So what part of your quote stated that the swing arm is not part of the frame? On the owner's manual it stated that some parts are covered in 1, 5 or lifetime. It does not describe which part. I have two Mom and Pops shop dealerships that told me that it was covered since it's part of the frame. Only when I brought it back to Sports Chalet and contacted DB that it was not. Where did you get your information so I can read it?


----------



## One Pivot (Nov 20, 2009)

its in your owners manual, last page. http://www.diamondback.com/wp-content/uploads/2008/03/05-08_db_ms_ownersmanual.pdf


----------



## arielDB (Sep 17, 2009)

*They took care of my crack,*



One Pivot said:


> its in your owners manual, last page. http://www.diamondback.com/wp-content/uploads/2008/03/05-08_db_ms_ownersmanual.pdf


They took care of my crack, 
:thumbsup:


----------



## DavidNeiles (May 8, 2008)

Looks like that bolt was overtightened, Never seen a Recoil frame crack in over 6 yrs selling them. Sucks man, Warranty is true as others have said. I think it is the SC's fault of improper assembly. Just my 2 cents. Still could just have been a defect but if you have had it for 2 yrs and now it cracked, I'd say the bolt was over torqued by the tech judging the picture.


----------



## Jesse Smith (Feb 3, 2009)

As long as it fits you, and you throw on some slicks, you're better off riding the Univega. It's better suited for a charity ride. 
As far as the DB, it's pretty much universal for fs frame warranties to not include suspension parts, especially swing arms and linkage.. It'd be tough to find a manufacturer that varies from this. 
Since both arms cracked, it would appear to be an overtightened bolt. The question is whether it was overtightened at the factory, at SC, or during some maintenance/replacement. Since the swing arm comes out of the box already attached and there's no assembly required, there's no reason for a SC tech to have ever touched it. It's not out of the question that it was overtightened at the factory, but it's now impossible to prove. And this isn't a common thing or unique to DB bikes. An overtightened bolt could crack a Trek, Dale, or Specialized. It would have been a good compromise to give you a discount on the replacement swing arm.
The timing of the failure was unfortunate, outside of the warranty period, but the warranty is still cut and dry.


----------



## MaDaPaKhA69 (Mar 1, 2010)

DavidNeiles said:


> Looks like that bolt was overtightened, Never seen a Recoil frame crack in over 6 yrs selling them. Sucks man, Warranty is true as others have said. I think it is the SC's fault of improper assembly. Just my 2 cents. Still could just have been a defect but if you have had it for 2 yrs and now it cracked, I'd say the bolt was over torqued by the tech judging the picture.

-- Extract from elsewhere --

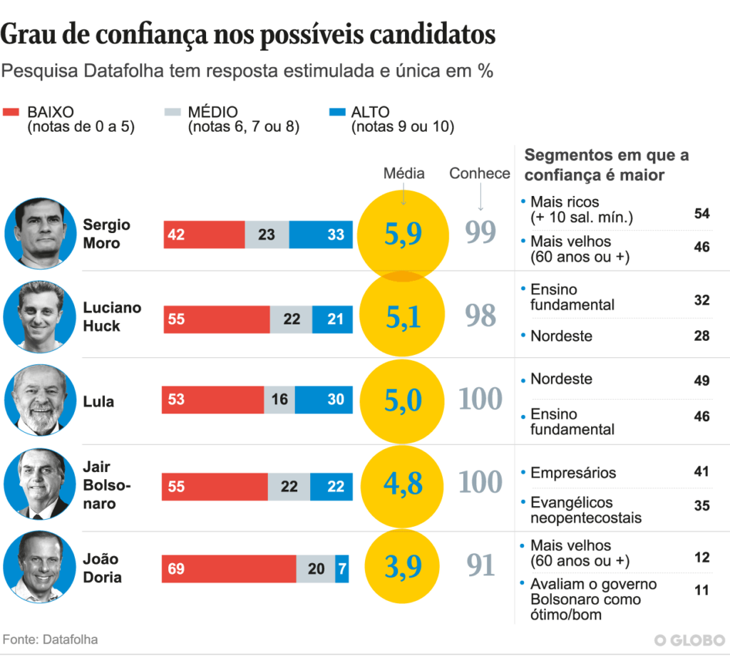 A despeito da força do Planalto, pesquisas divulgadas neste início de ano, especialmente uma do Datafolha de janeiro, animaram Huck e o seu entorno. Em um índice de confiabilidade de figuras públicas brasileiras, o apresentador apareceu na frente do governador de São Paulo, João Doria, com ativos eleitorais que há tempos os tucanos encontram dificuldades de ter: entrada no Nordeste e na população de baixa instrução.

sounds good, I'll check with them to see if SC would take the blame... thanks.


----------



## MaDaPaKhA69 (Mar 1, 2010)

Jesse Smith said:


> As long as it fits you, and you throw on some slicks, you're better off riding the Univega. It's better suited for a charity ride.
> As far as the DB, it's pretty much universal for fs frame warranties to not include suspension parts, especially swing arms and linkage.. It'd be tough to find a manufacturer that varies from this.
> Since both arms cracked, it would appear to be an overtightened bolt. The question is whether it was overtightened at the factory, at SC, or during some maintenance/replacement. Since the swing arm comes out of the box already attached and there's no assembly required, there's no reason for a SC tech to have ever touched it. It's not out of the question that it was overtightened at the factory, but it's now impossible to prove. And this isn't a common thing or unique to DB bikes. An overtightened bolt could crack a Trek, Dale, or Specialized. It would have been a good compromise to give you a discount on the replacement swing arm.
> The timing of the failure was unfortunate, outside of the warranty period, but the warranty is still cut and dry.


Yeah, the bike sat for a while since I didn't have time to ride it. It just so happen that the charity ride was coming up, and I began to train harder the last three months. I removed the slicks from the DB and replaced it on my Univega. I couldn't even get a decent prize on this P.O.S. if I sold it as is... What a waste.


----------



## DavidNeiles (May 8, 2008)

Go in there to SC and raise cain, make sure your'e clear on your point that you believe the bolt had been over tightend and caused it. There are a few lazy techs and they don't use a torque wrench or know how to use it!! Good luck.


----------



## MaDaPaKhA69 (Mar 1, 2010)

DavidNeiles said:


> Go in there to SC and raise cain, make sure your'e clear on your point that you believe the bolt had been over tightend and caused it. There are a few lazy techs and they don't use a torque wrench or know how to use it!! Good luck.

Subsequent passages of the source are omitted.